Как я ни старался объяснить, где оно располагается, все равно зябличьего домика никто не видел, хотя мы были метрах в пяти от него. Я поднес бинокль к глазам и рассмотрел, что в гнезде сидит вжавшаяся в лоток самка и придумал, как показать гнездо студентам. Надо выпугнуть птицу, и она выдаст свое жилище.

Я поднял с тропы комок сухой земли. Но он показался мне большим — хотя я был твердо уверен, что он не долетит через густые заросли до зябличихи, но на всякий, случай, чтобы случайно не причинить вреда птице, взял кусочек поменьше и бросил его навесом в сторону гнезда по крутой траектории, словно стреляя из гаубицы или из миномета.

Комок прошуршал по листьям, как мне показалось, рядом с гнездом, птица выпорхнула, камнем свалилась вниз и исчезла в кустах.

— Ну, теперь все видели где гнездо? — спросил я группу.

И группа дружно ответила, что все.

Только Боря с криком: «Вы попали в нее! Вы убили ее!», — устремился в кусты в сторону гнезда.

— Да нет, это тебе показалось, — крикнул я ему вдогонку, но он не слушал.

Я, как опытный педагог, воспользовался этим поводом, для того чтобы рассказать студентам о повадках разных живых существ.

— Многие животные, обитающие в траве, на кустах или на деревьях ищут спасение на земле, — начал я. — Поэтому вас и учили еще в прошлом году, на практике по зоологии беспозвоночных, что сачок к сидящим на травинках плохо летающим насекомым — например, жукам, клопам или лесным тараканам — подносят снизу, так как при тревоге будущий экспонат вашей коллекции падает на землю. Мелкие птицы, заметив ястреба или другого хищника, укрываются в густой траве. Это нам сейчас и продемонстрировала самка зяблика. Испугавшись брошенного предмета, она выскочила из гнезда и спряталась в подлеске.

Мою лекцию о поведении животных очень некстати прервал появившийся из кустов Боря.

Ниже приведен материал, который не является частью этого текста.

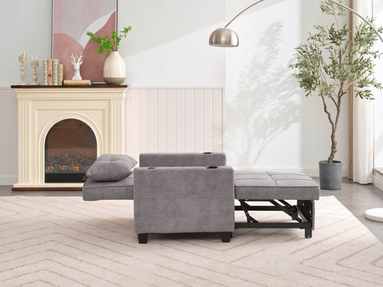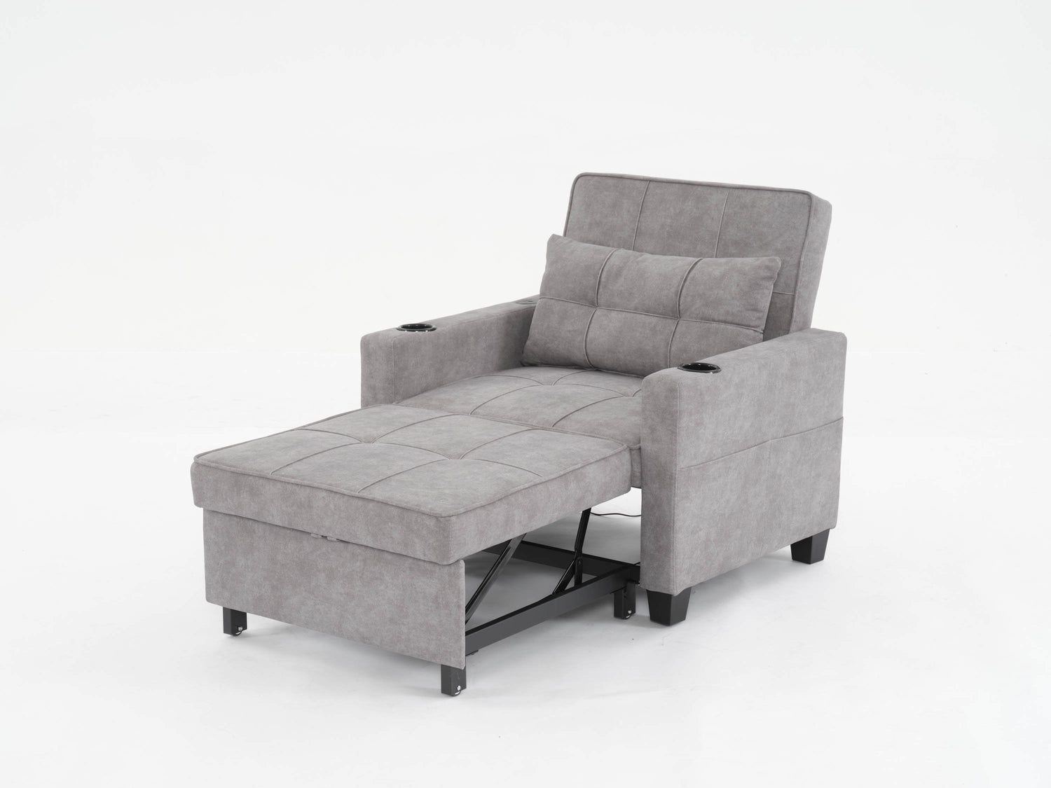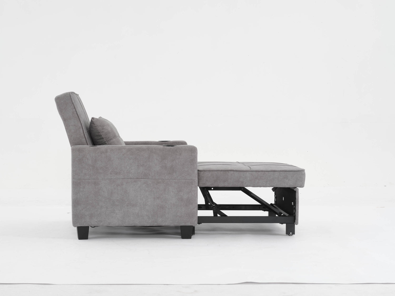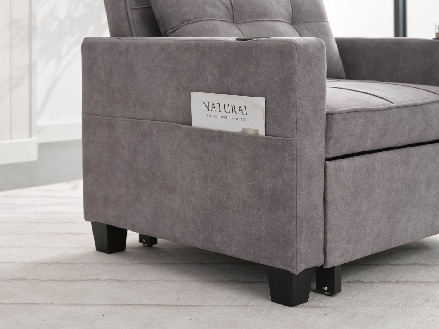 NEW Futon Chair Bed Convertible Chair 3-in-1 Pull Out Sleeper Chair Beds with USB Ports,Wear-resistant and Anti-scratch, Armchair Bed Sleeper for Living Room (Light Grey Scratch Cloth)

Он был весь в паутине, поцарапанный, и что-то бережно нес в руках. Студенты окружил его.

— Лягушку, наверно поймал, — подумал я.

Боря раскрыл ладони. В руках у него была оглушенная моим снарядом зябличиха. Она бессмысленно озиралась на нас и, наверное, думала, почему именно на нее сегодня сверху свалился метеорит.

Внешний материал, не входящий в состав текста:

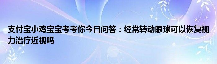 支付寶小雞莊園每日答題的答案是很多小伙伴們現在每天都必做的一件事,為自己的小雞賺取飼料,那么答題的過程當中很多小伙伴就會不知道答案,就好比今日的問題為支付寶小雞寶寶考考你今日問答:經常轉動眼球可以恢復視力治療近視嗎,那么大家不知道答案的情況下要是答錯了就領取不到飼料了,不過這里大家不需要擔心,小編就來給大家收集下支付寶小雞寶寶考考你今日問答:經常轉動眼球可以恢復視力治療近視嗎的答案,下面分享給大家吧。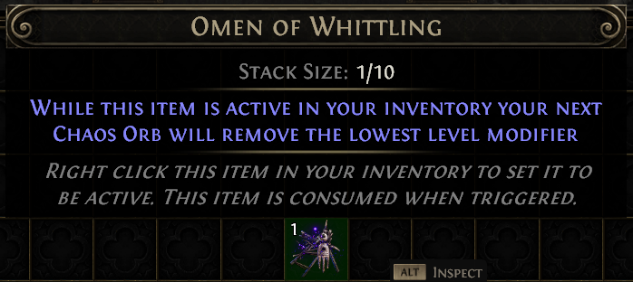 The Omen of Whittling is a less-commonly used Omen, but has a powerful function in that it can be used to accurately reroll an undesirable, lower level modifier on an item with a Chaos Orb.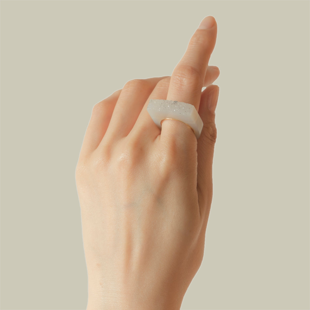 結晶部分を造形として活かしたミルクガラスのような乳白色のリング。
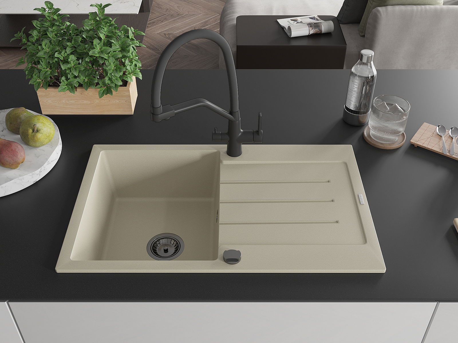 Drez bol vyrobený z vysoko kvalitného granitu. Predstavuje elegantný a predovšetkým praktický doplnok každej kuchyne, nezávisle od jej štýlu. Vysoká kvalita a trvácnosť granitu zaručujú mnohoročné používanie.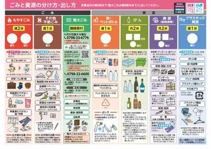 分別方法とお住まいの地域の収集曜日をご確認いただき、ごみステーションにお出しください。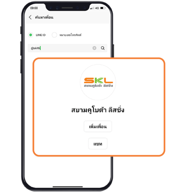 ค้นหาพิมพ์ @sklth หรือ สยามคูโบต้า ลีสซิ่ง และกด "เพิ่มเพื่อน"

— Это у нее просто обморок, от стресса. Ее Боря напугал, когда за нею гнался, — я неуклюже попытался исправить ситуацию.

Но студенты не поверили. И поэтому у следующего гнезда (дрозда-рябинника) которое, к счастью, было открыто и все его сразу заметили, Боря нагнулся, подобрал с тропы толстую палку, и протянув ее мне, ехидно спросил:

— Слабо показать поведение при испуге и у этого вида?

* * *

Вспоминая это, я тем временем продолжал свой инспекторский обход. Становилось жарко. Я снял рубашку и по полю пошел к следующему ориентиру — одинокой церкви, стоящей на окраине села. Там Алла должна была изучать численность и поведение пернатых, гнездящихся в человеческих постройках.

Алла — миловидная девушка с хорошими формами. Ее предельно упрощенный купальник как мог сдерживал упругие прелести лежавшей практикантки. Студентка устроилась на надувном матрасе у самых стен храма и смотрела сквозь солнцезащитные очки на золоченый купол. То есть, конечно, не на сам купол, а на галок, стрижей и воробьев, которые вылетали из-под крыши. Алла хронометрировала все их перемещения. А чтобы жарким днем не мучила жажда, Алла запаслась холодным чаем в бутылке из-под вермута.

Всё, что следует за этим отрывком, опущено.